# I'm looking for authentic curry recipies



## splodge (Feb 25, 2009)

I'm looking for authentic curry recipies. Can anyone point me in the right direction? thanks


----------



## cheftimoto (Apr 8, 2007)

From what region are you interested in? Thai, Chinese, Indian, etc.


----------



## chalkdust (Feb 18, 2009)

Guyana Outpost: Wayne's Guyana Page

www.trinigourmet.com

Simply Trini Cooking

trinidad and guyana curries and other indian recipes can be found here

check out indian cookbooks by julie sanhi for starters too!


----------



## ishbel (Jan 5, 2007)

If you want to start with Indian curries (from the whole sub-continent, not just India!) -I highly recommend the books of Madhur Jaffrey.


----------



## ingabakes (Mar 16, 2009)

Yes, I've got the Madhur Jeffrey's Ultimate Curry Bible- every recipe works out every time. They cover a range of curries from different countries, all is made from scratch.


----------



## indianfoodandy (Jan 31, 2010)

Unfortunately 'authentic' is a fairly broad term. India is a big place and they do things differently from one region to another.

Madhur Jaffrey is certainly good - I have read most of her books at one time in the past (I have been cooking Indian food for about 30 years) and there are other good authors. I have found the best thing to do is to read a few different ideas on the same dish and try to figure out what is common and particularly look for the regional origin of the dish.

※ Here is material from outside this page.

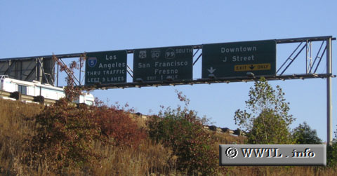 (Southbound Interstate 5; Sacramento, California) --Photo taken by Dan Peri An RV passes through the capital's downtown.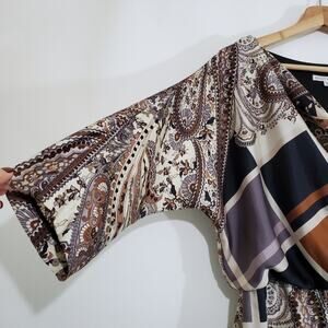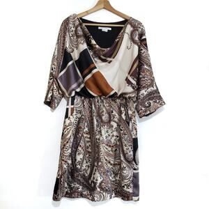 Maggy London | Drapey Mixed Pattern 3/4 Sleeve Silky Dress with Pockets

I am just starting a website of my own on Indian food (all my own recipes, tried and tested) have a look

My Indian Food

Andy


----------



## petalsandcoco (Aug 25, 2009)

That is a very broad question. Can you narrow it down at least ?


----------



## phatch (Mar 29, 2002)

Considering that indianfoodandy has been resurrecting old dead threads from the archives to plug his web site, the original poster has long since been satisfied with the answers received originally.


----------



## petalsandcoco (Aug 25, 2009)

Thanks for letting me know.


----------